1. Q: How do you grow an avocado?

A: Wash pit; stick in 3 toothpicks 2/3 way down seed from pointed top; set on rim of glass; fill with water so that the bottom 1/3 of seed is covered. When root forms and top starts to split, pot with soil and place in brightest light indoors.

2. Q: I was told that if I planted an avocado in the ground, it would grow a tree - but without avocados on it. Is that true? Also, what's the big deal about putting toothpicks and putting it in water and all that? If I just put it in the ground, will it grow? And, will there be avocados on it?

A: The big thing about using the toothpicks and putting it in the water is that you get to see it happen!! First the seed splits, then the root starts to grow and finally here comes the shoot. Literally a miracle happening before your eyes! No problem with putting it in the ground or pot though; you just miss all the action.
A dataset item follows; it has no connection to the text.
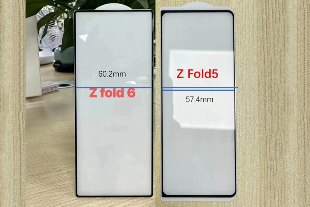 또 다른 유출된 전면 강화유리를 확인해 보면 가로와 세로 비율이 약간 조절된 것을 확인할 수 있습니다. 사실 폴드 시리즈의 전면 화면의 사용성이 약간 불편하다는 의견이 있었는데요. 크게 개선될 것 같지는 않습니다.
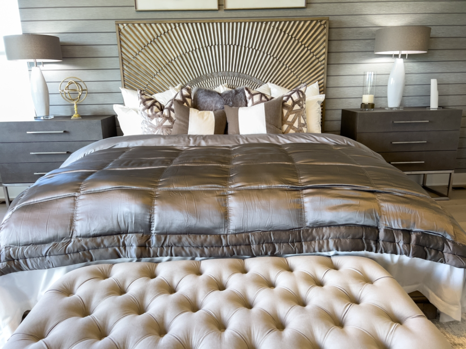 Switch to a lighter, more breathable duvet or comforter to create a cleaner, more modern appearance. These alternatives offer comfort without the excessive volume and can keep the room feeling more airy and open.

Plant it fairly shallow, just barely covering the seed with soil.

All avocado seeds WILL eventually produce fruit if they grow long enough.

3. Q: Can you please tell me how often and exactly how much I should water my avocado tree. I have been told you should only water it once every seven to ten days. It has lots of clusters of buds. Last year they all fell off. It might have been because it was only two years old. Some of the leaves are turning yellow. We have been watering it every second day.

A: Water can be one of the hardest issues to address when dealing with plants, because the symptoms for too much water are the same as the symptoms for not enough water. All fruit plants require well-drained soil in order to grow and produce properly. So if you water too often you force the oxygen out of the soil and the plants cannot use the water you are applying. Plant roots require oxygen in order to take up the water. So I think if you are applying water every two days, you are applying it too often. Every 7 to 10 days is probably adequate right now. In the peak of the summer you may have to water more often; maybe every 3 days. The best way to determine if you need to water is by feeling the soil. Dig down with a shovel to a depth of 6 inches. Place a ball of soil in your hand; if the soil sticks together in a ball, you have adequate moisture; if the soil crumbles and fails to hold together, then you need to apply water. It may be that you can go longer than you think before you apply water.